Background: Tepotinib is a MET TKI approved for METex14 skipping NSCLC. We report treatment sequencing prior/post tepotinib of immunotherapy (IO), chemotherapy (CT) and METi (post only) in VISION (data cut-off: Feb 20, 2022).
Methods: Patients with advanced/metastatic METex14 skipping NSCLC received 500 mg (450 mg active moiety) tepotinib QD. Primary endpoint was objective response (RECIST 1.1) by IRC. Prior/post tepotinib treatment was investigator’s choice; outcomes were reported per investigator.
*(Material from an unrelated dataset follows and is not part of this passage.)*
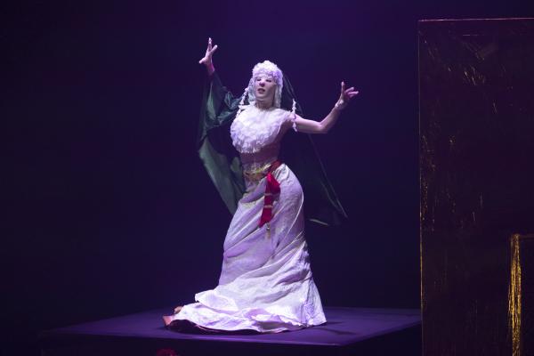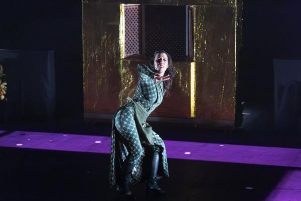 Matarife y Paraíso déploie un imaginaire flamboyant, entre Dante, Séville et les rites archaïques. Le spectacle puise dans deux sources majeures : La Divine Comédie, la Semaine Sainte de Séville. Mais loin d’en faire un collage, Marín les fond dans une dramaturgie instinctive, presque hallucinée. Les images se succèdent comme des visions : un manteau violet couvert d’images pieuses, une Vierge en gaze transparente qui surgit telle une apparition, des bras en croix, un organiste derrière une grille dorée, mi-confessional, mi-moucharabieh et des cornets genre Centurions romains qui déchirent l’air . Ce sont Manuel López « armaos » de la Centurie romaine de la Macarena, et Francisco Javier Pérez, directeur musical de la Banda del Sol.

Results: Of 313 patients (median age 72), 164 were treatment‑naïve (median age 74) and 149 pre-treated (median age 70.8). Among pre-treated patients, the most common 1L regimens prior to enrolling in VISION were platinum-CT without IO (58%), IO monotherapy (23%) and IO-CT (13%).
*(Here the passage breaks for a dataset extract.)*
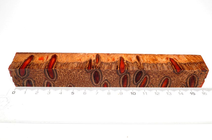 Die Samenöffnungen wurden mit gefärbtem Kunstharz unter Vakuum verfüllt und zu Pen Blanks verarbeitet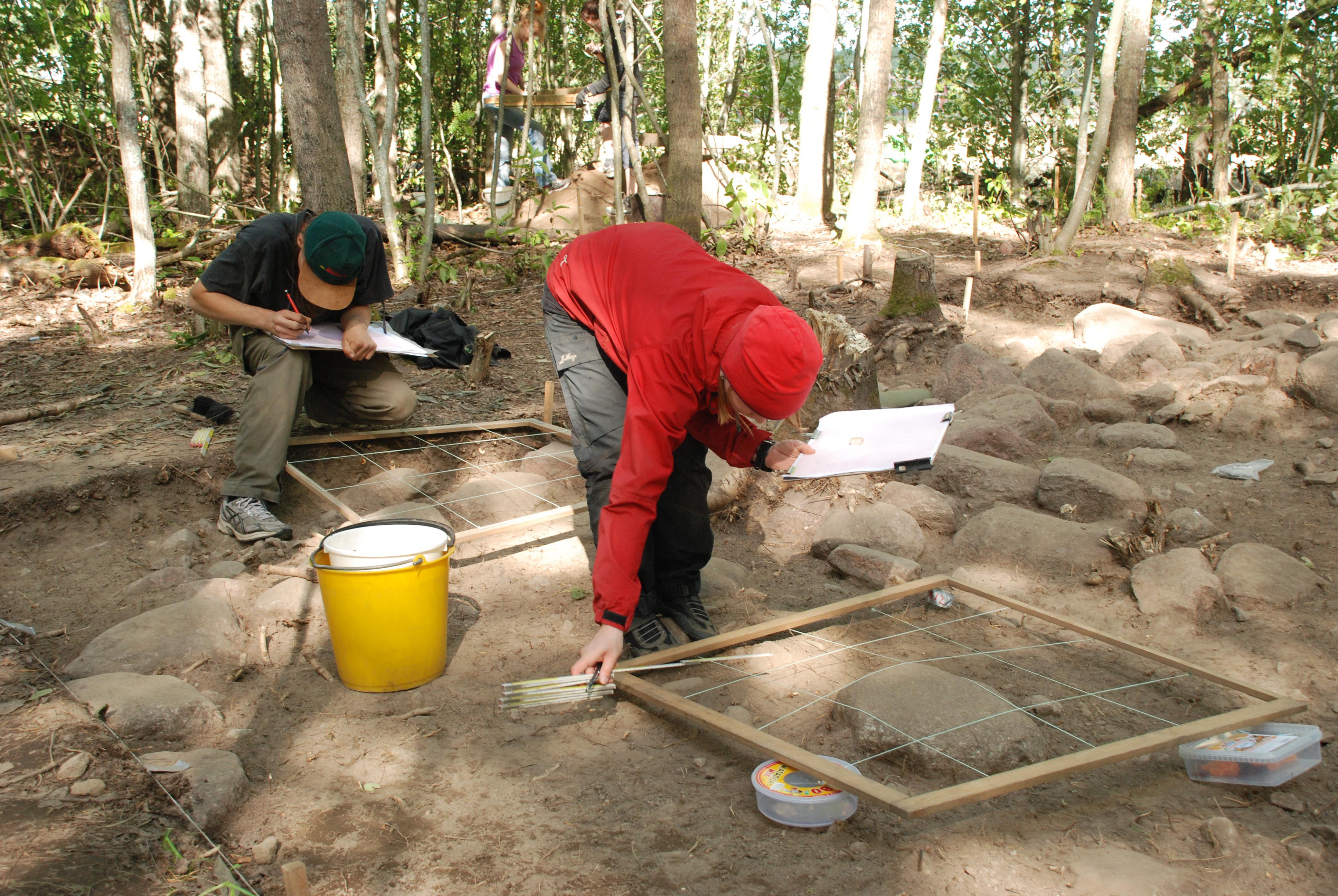 Arkeologian opiskelijat harjoittemassa kivijalan piirtämistä millimetripaperille. Kuva: J. Ruohonen.

Across all those prior 1L regimens, median treatment duration was 4 months (IQR 1.8–7.3), with an ORR of 24.8%, mDOR of 6.0 months, and mPFS of 4.0 months. 1L treatment outcomes with tepotinib were greatly improved (ORR, 56.1%; mDOR, 46.4 months; mPFS, 12.6 months).
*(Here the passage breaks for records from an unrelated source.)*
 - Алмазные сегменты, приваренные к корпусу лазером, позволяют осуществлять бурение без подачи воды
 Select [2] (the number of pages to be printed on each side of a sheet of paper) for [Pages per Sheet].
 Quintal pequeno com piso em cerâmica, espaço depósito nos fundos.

Overall, 265 patients (84.7%) discontinued tepotinib; 124 patients (46.8%) received subsequent treatment. 48 patients received subsequent METi (crizotinib, n=20; capmatinib, n=15; bozitinib, n=4; tepotinib, n=3; amivantamab, n=3; cabozantinib, n=3; other, n=4; different METi in subsequent lines, n=4). 31 patients received subsequent METi immediately after tepotinib (1L, n=11; 2L+, n=20). BOR across all subsequent METi was 3 PR (all after a break in METi treatment), 11 SD; longest mDOR and mPFS were 4.0 and 2.5 months, respectively. Outcomes with subsequent CT/IO were comparable to prior CT/IO as well as those in literature.
Conclusions: Robust and durable efficacy, particularly in the 1L setting, support early use of tepotinib in the treatment sequence. Almost half of this elderly population received subsequent treatment, higher than the 20%–30% reported for 1L CT/IO IPSOS trial in elderly patients (median age 75). METi treatment sequencing analyses are ongoing.